Безоружный эльф ответил молчаливым легким кивком и столь же легкой улыбкой. А ты как думал, словно хотел он сказать.

* * *

Кабинет безоружного эльфа помещался в одном из номеров, но обставлен был уже его сородичами. Обставлен без лишней роскоши, но добротно, даром что вид мебель имела довольно вычурный. Чудаковатый даже, и особенно в лиловом магическом свете, озарявшем кабинет. Словно дизайнер принадлежал к определенным молодежным субкультурам — полным нарциссизма да с мазохистским душком в придачу. Хотя на удобстве это вряд ли сказалось.

Сам эльф, назвавшийся Квендаллом, совсем не напоминал юных истеричек и ранних мизантропов из вышеназванных субкультур. Напротив, вел он себя спокойно, подчеркнуто вежливо, и к тому же оказался внимательным слушателем. Не проронив ни слова, он терпеливо ждал, покуда Радван объяснится; пока не расскажет о своей встрече с Лорентилью.

— Так значит теперь она принцесса, — не без иронии произнес Квендалл, дослушав до конца, — то есть дочь короля. Наследница некоего престола… о котором, что удивительно, даже я слышу впервые. За свою жизнь — за почти семь здешних веков.
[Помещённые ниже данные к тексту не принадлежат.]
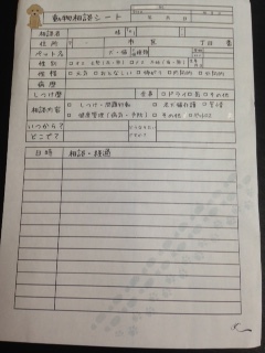 犬猫相談シートを記入郵送頂き
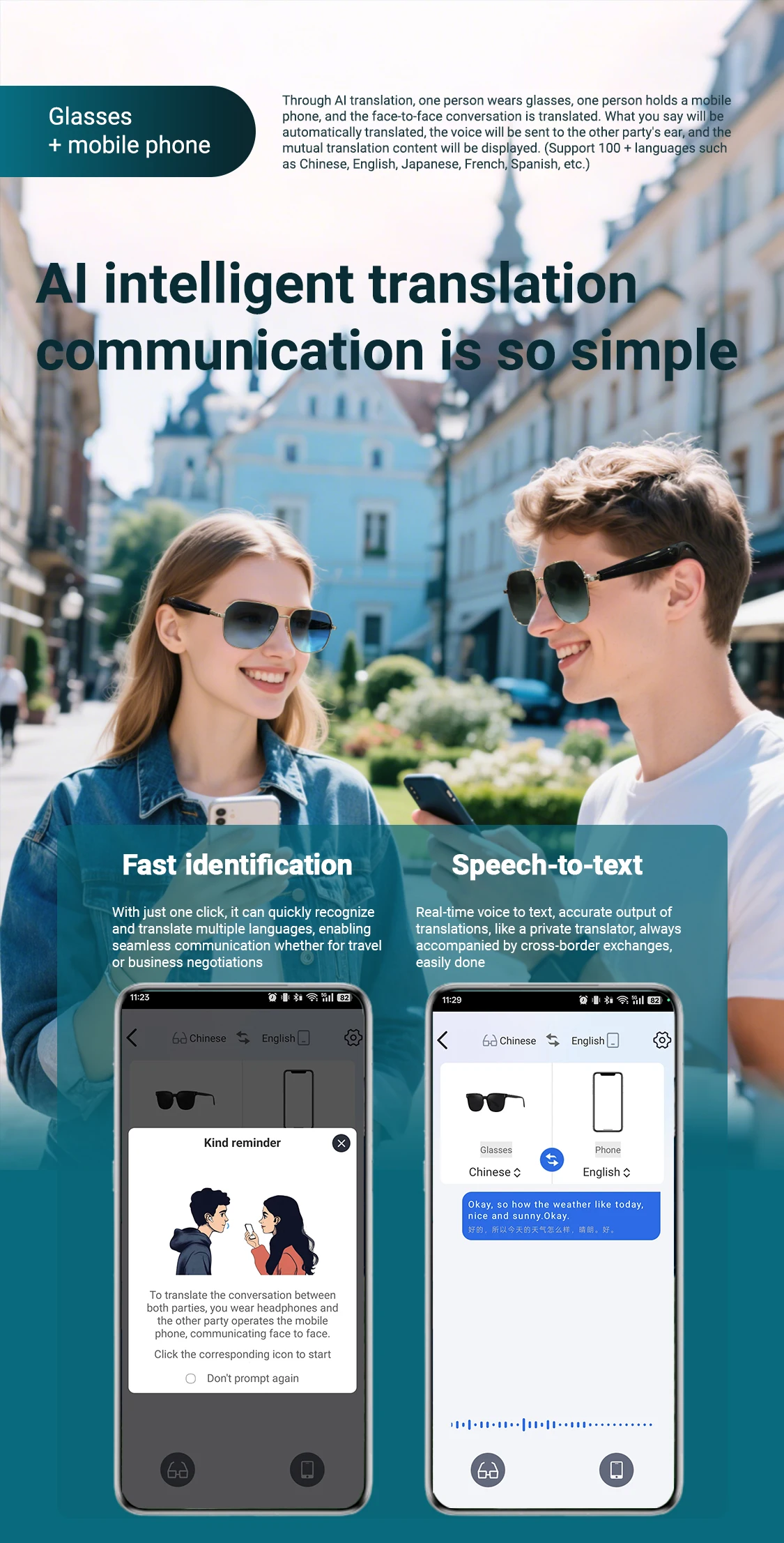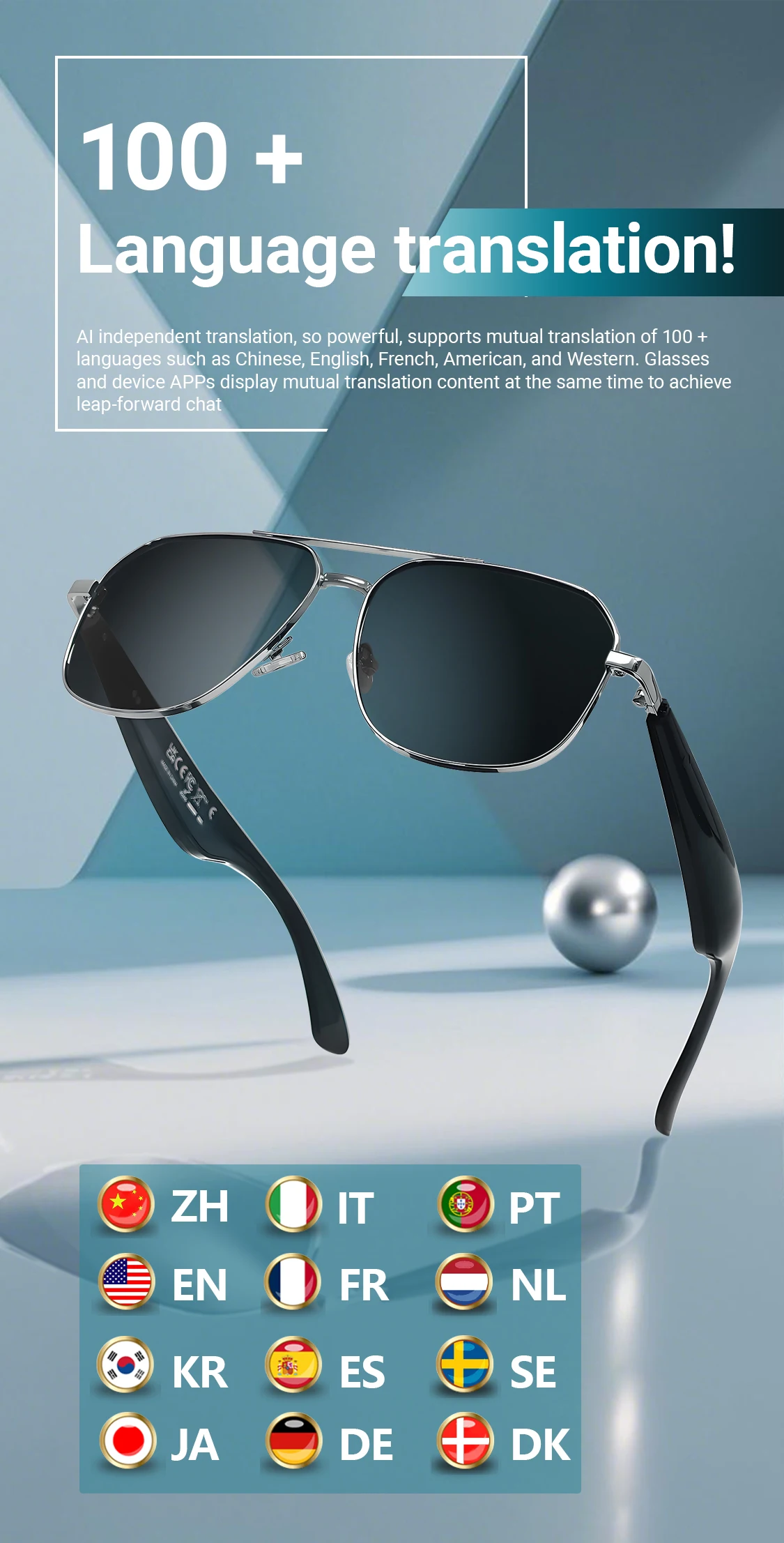 AI Intelligent Translation Glasses,Support 100+ Language Translate,Remote Camera,Play Songs,Answer Call,Reject Call,Voice Assistant,Anti-ultraviolet
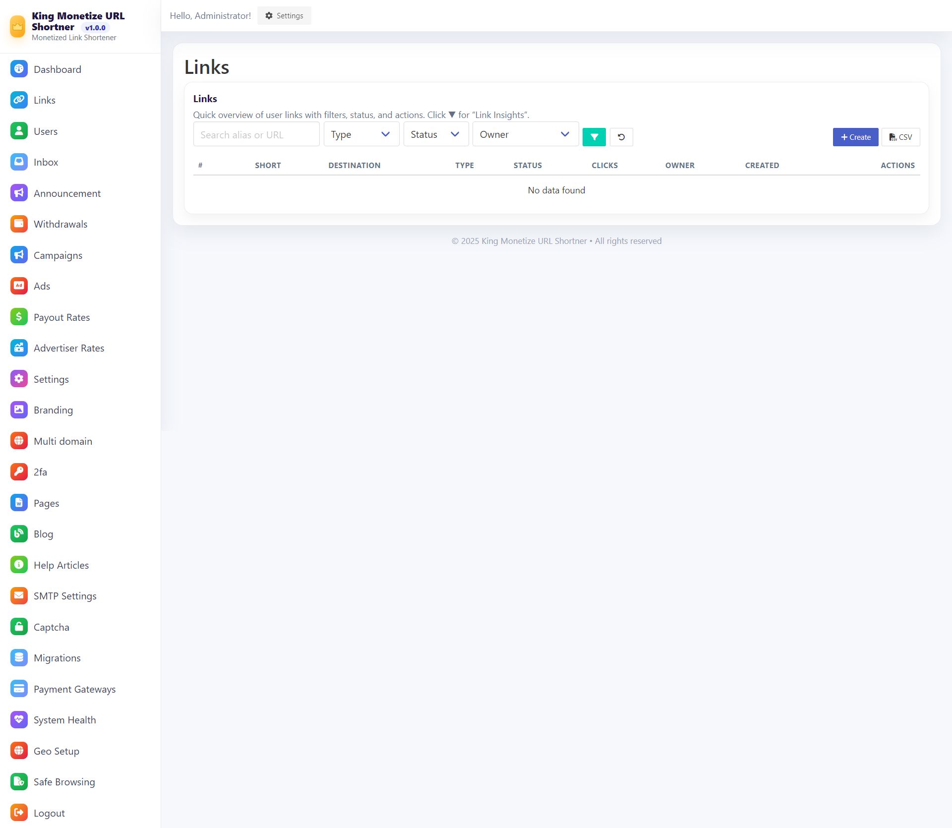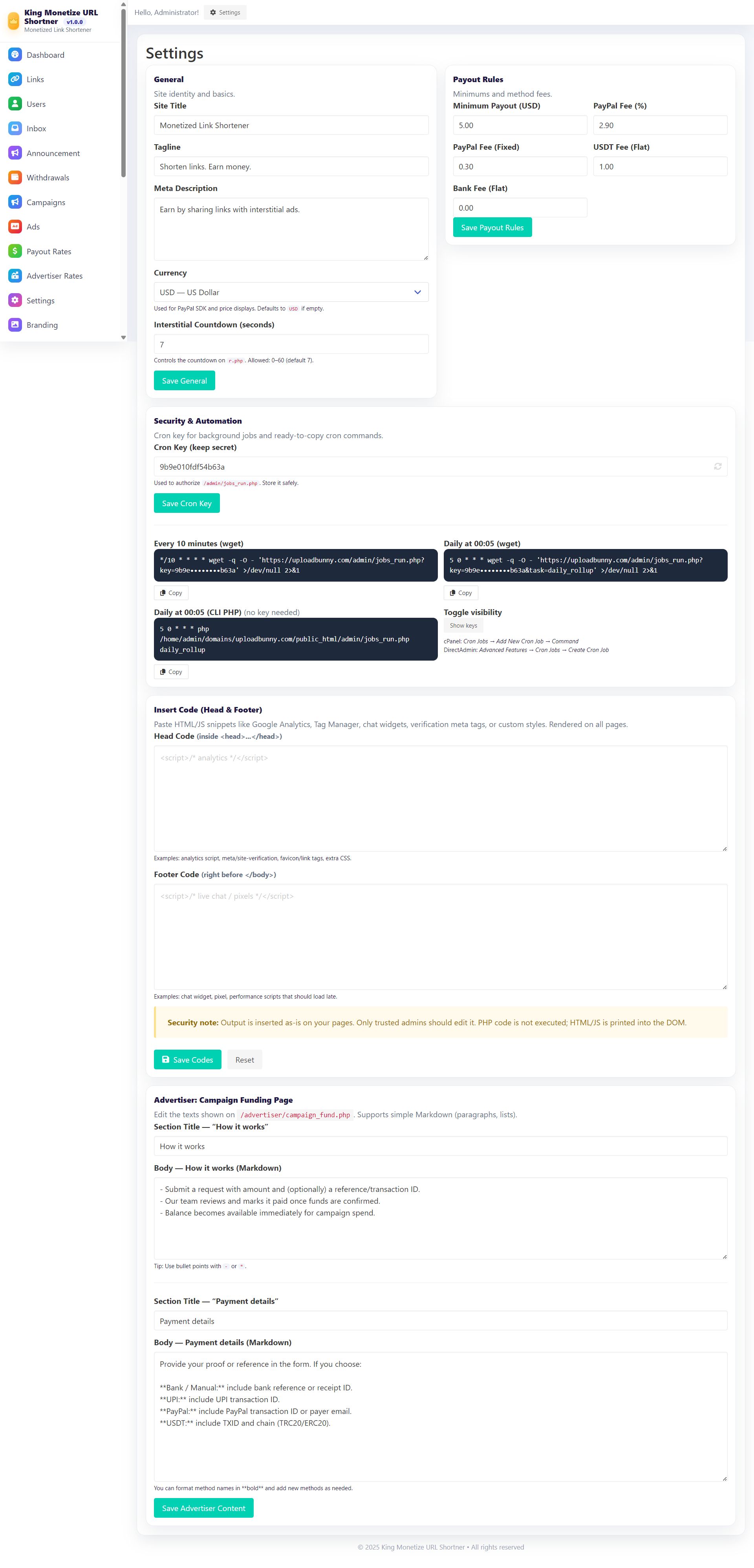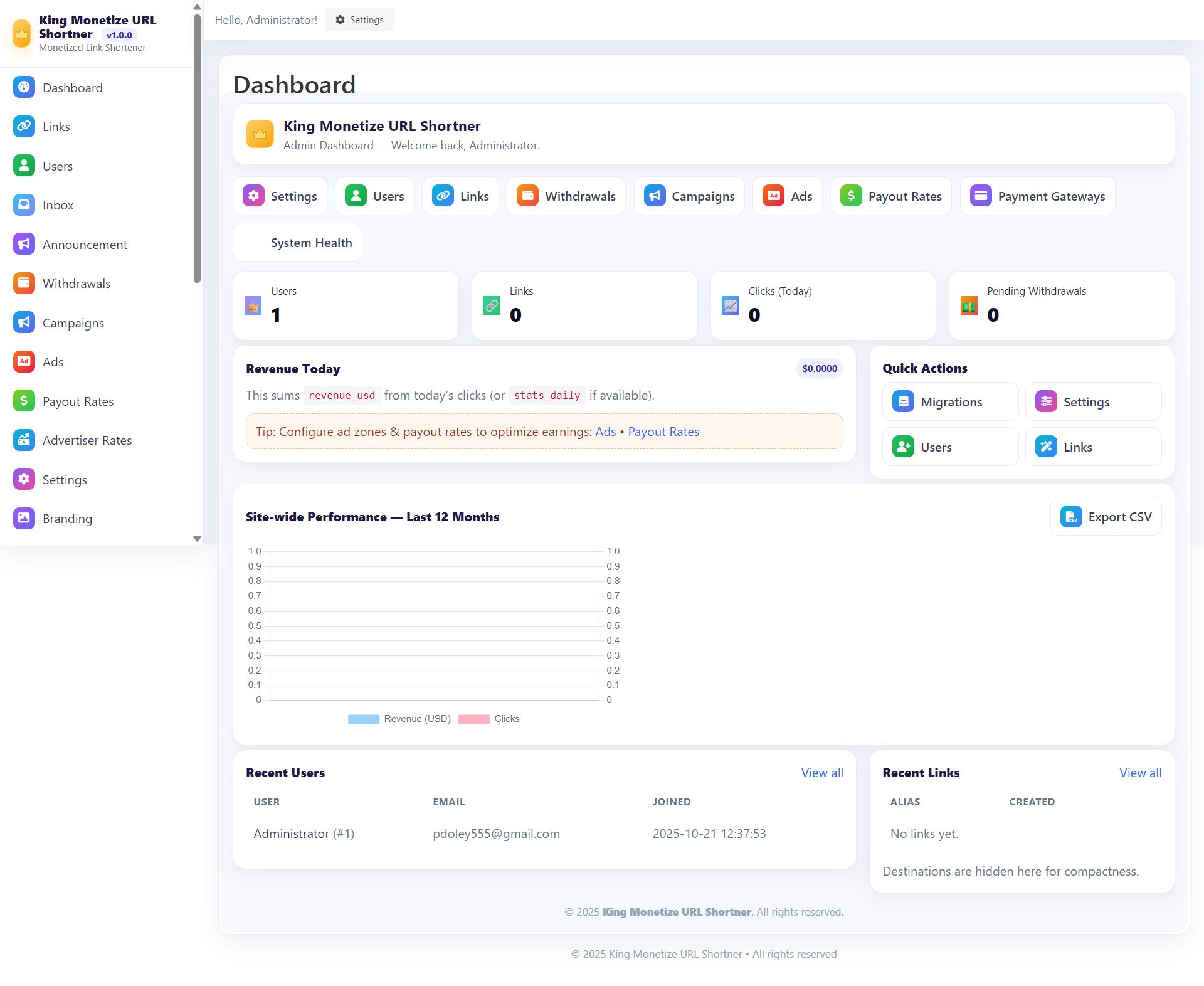 | Tags | url shortener script, analytics dashboard, referral system, link management, php url shortener, king monetized url shortener, monetized link shortener, ad network script, advertiser publisher platform, cpm campaigns, link monetization, multi-domain support |
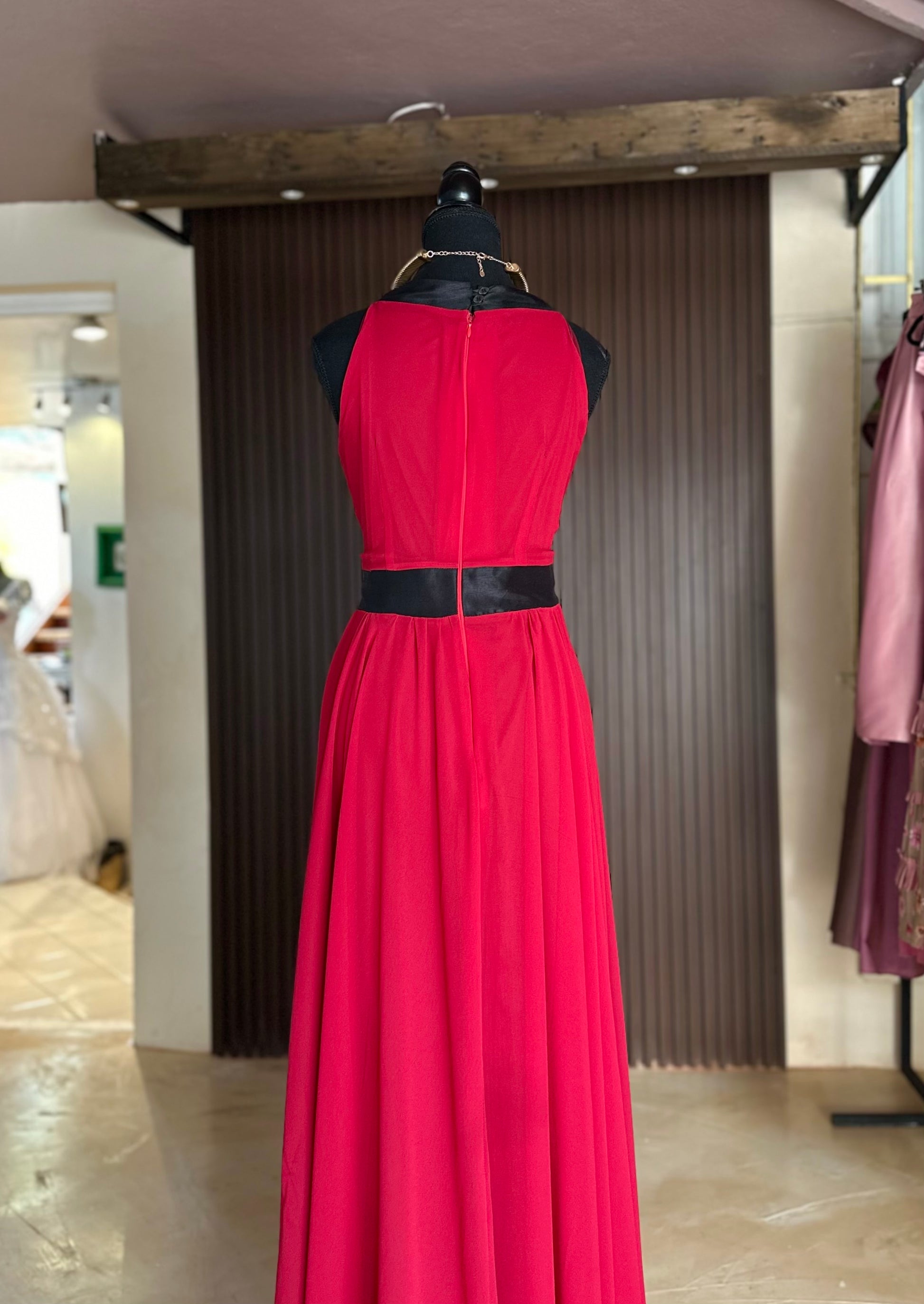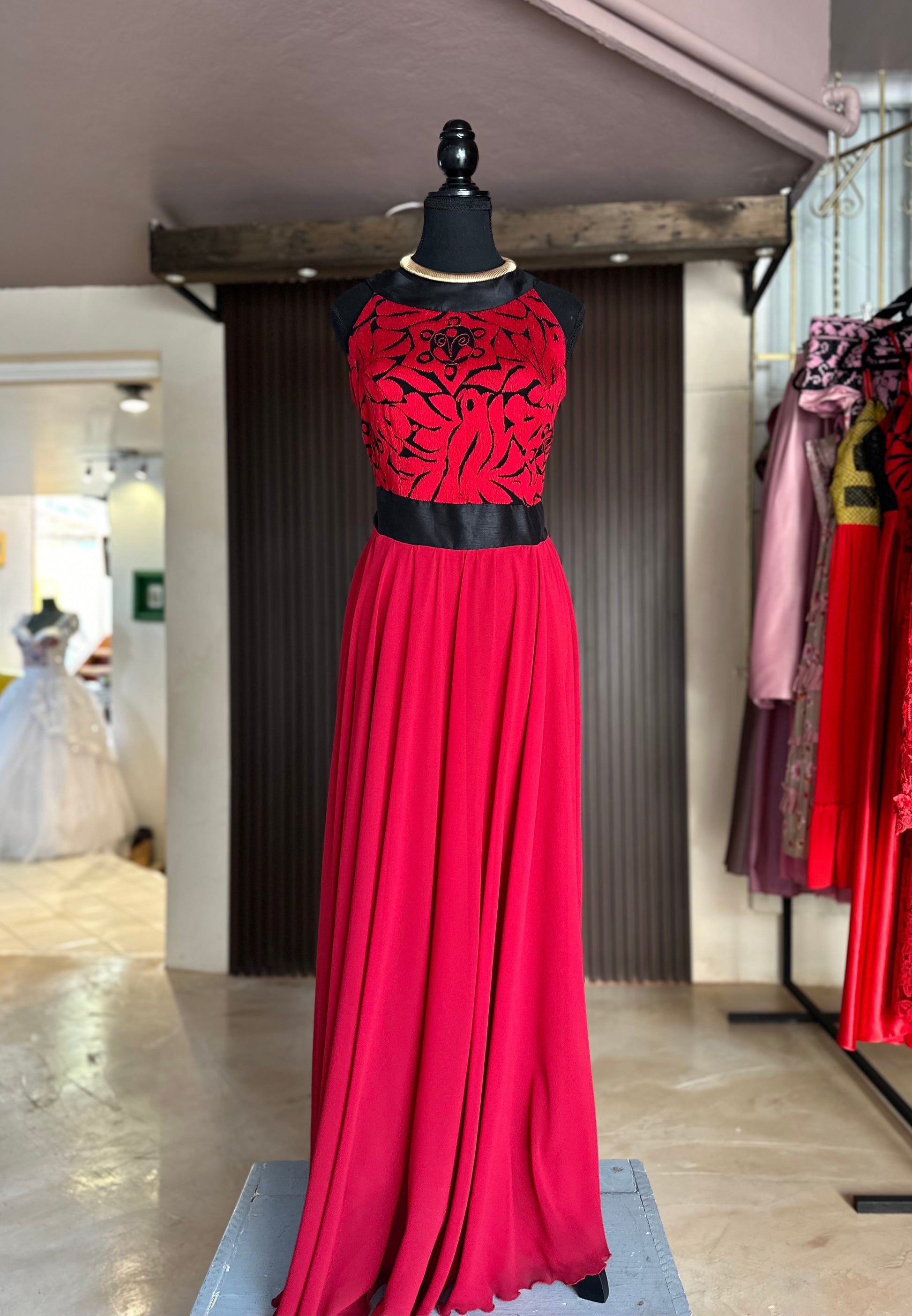 Vestido halter de gasa, tela ligera en color vino, con un bello bordado de Jalapa de Diaz, pretina en color negro para hacer cintura, y cierre en la parte de atrás

Между креслами, на которых устроились Радван и хозяин кабинета, помещался небольшой столик, а на столике — пара стаканов и хрустальный графин с неким, незнакомым этому миру, напитком. Его-то и пригубил Квендалл, прежде чем продолжить:

— Могла бы сказать проще… понятней, доступнее для вас. Что выборы в нашем мире подтасовали… а может, президента убили, а она будто бы последний живой свидетель.

— То есть… — хотел вставить слово Радван.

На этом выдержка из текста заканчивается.